[Data below]
>>>>>

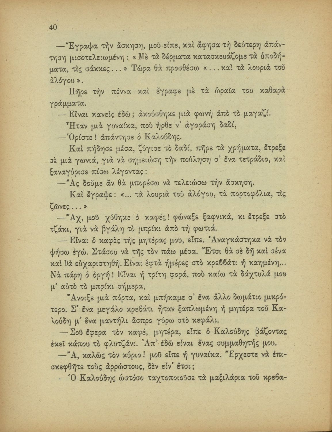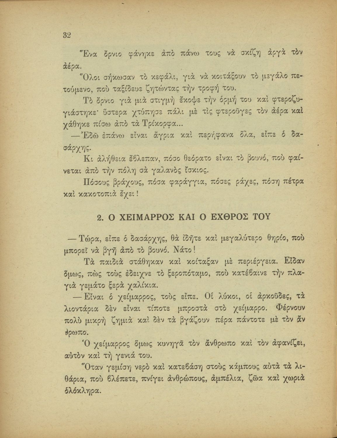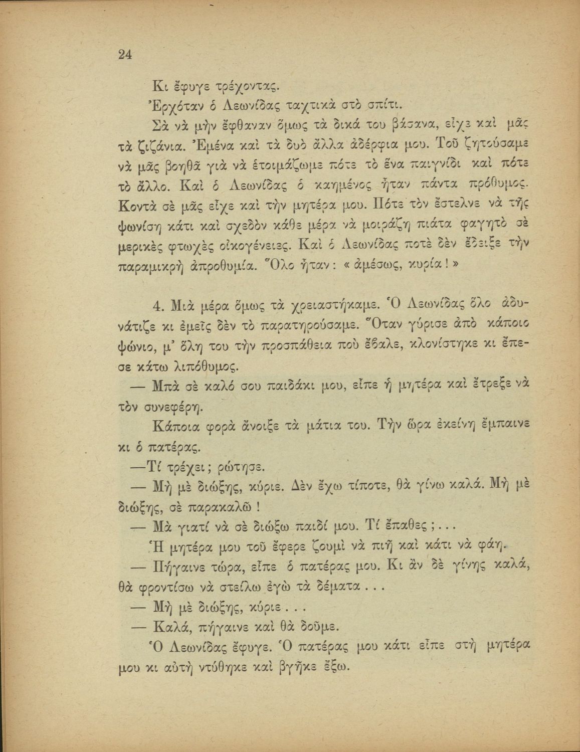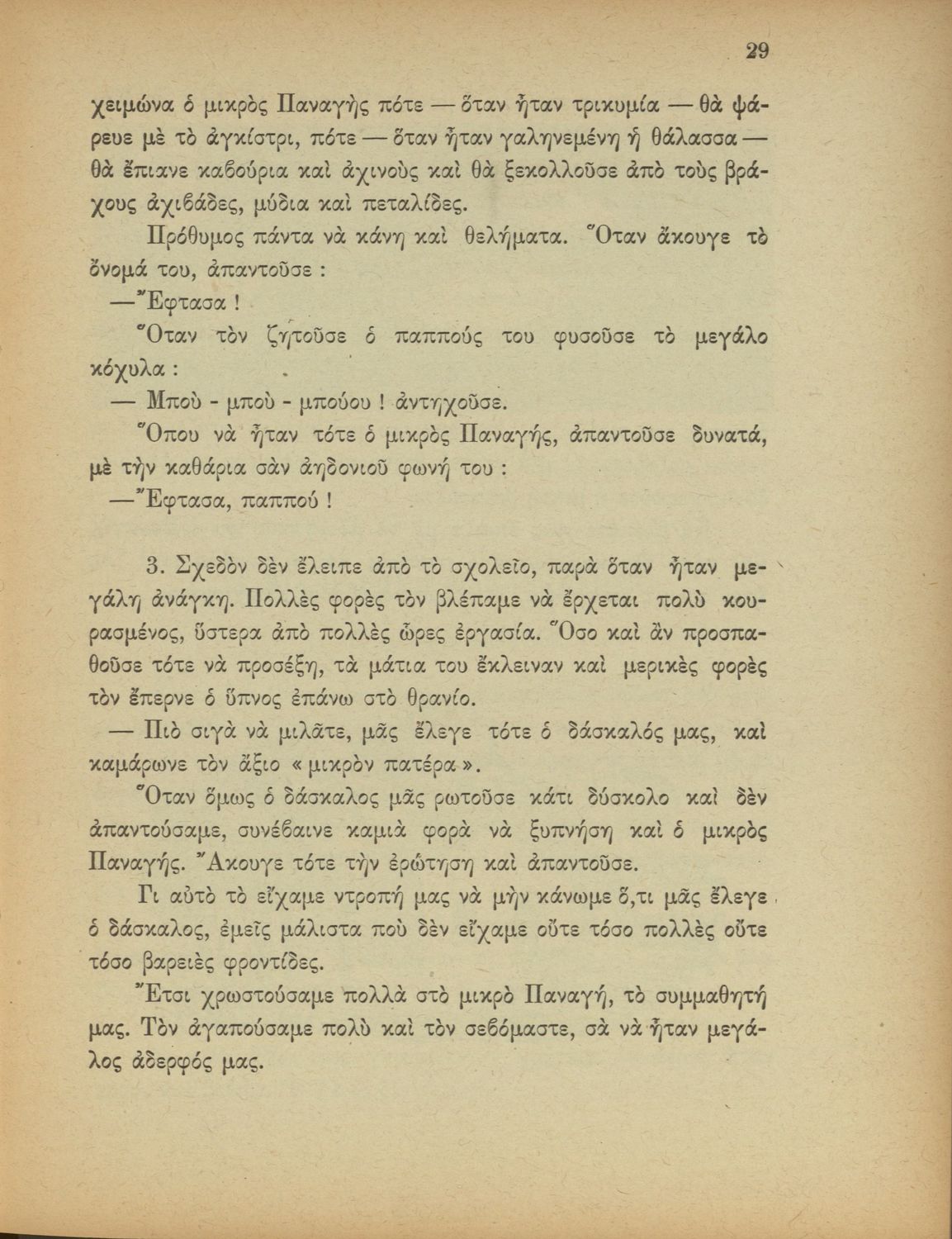 Αναγνωστικό Δ΄ Δημοτικού που περιέχει πεζά και ποιήματα με περιεχόμενο διδακτικό και ηθικοπλαστικό εμπνευσμένα από την ελληνική ιστορία και μυθολογία, και την αγροτική και κοινωνική ζωή.
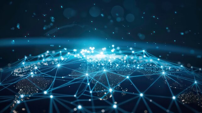 abstract lines with dots over dark background. connecting or big data concept. Generative AI.
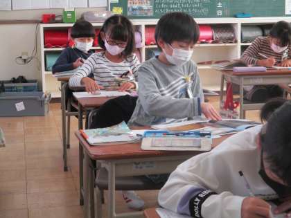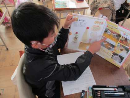 今日は、「食べ物のひみつを教えよう」で紹介したい食べ物を決め、本を読みながらメモをとりました。すがたをかえる食品について、どのように作るかをメモしました。書籍を活用し、どの子も真剣に調べていました。

<<<<<

[Problem statement] Write out the data again word for word, minus any images.

[Worked solution]
 Αναγνωστικό Δ΄ Δημοτικού που περιέχει πεζά και ποιήματα με περιεχόμενο διδακτικό και ηθικοπλαστικό εμπνευσμένα από την ελληνική ιστορία και μυθολογία, και την αγροτική και κοινωνική ζωή.
 abstract lines with dots over dark background. connecting or big data concept. Generative AI.
 今日は、「食べ物のひみつを教えよう」で紹介したい食べ物を決め、本を読みながらメモをとりました。すがたをかえる食品について、どのように作るかをメモしました。書籍を活用し、どの子も真剣に調べていました。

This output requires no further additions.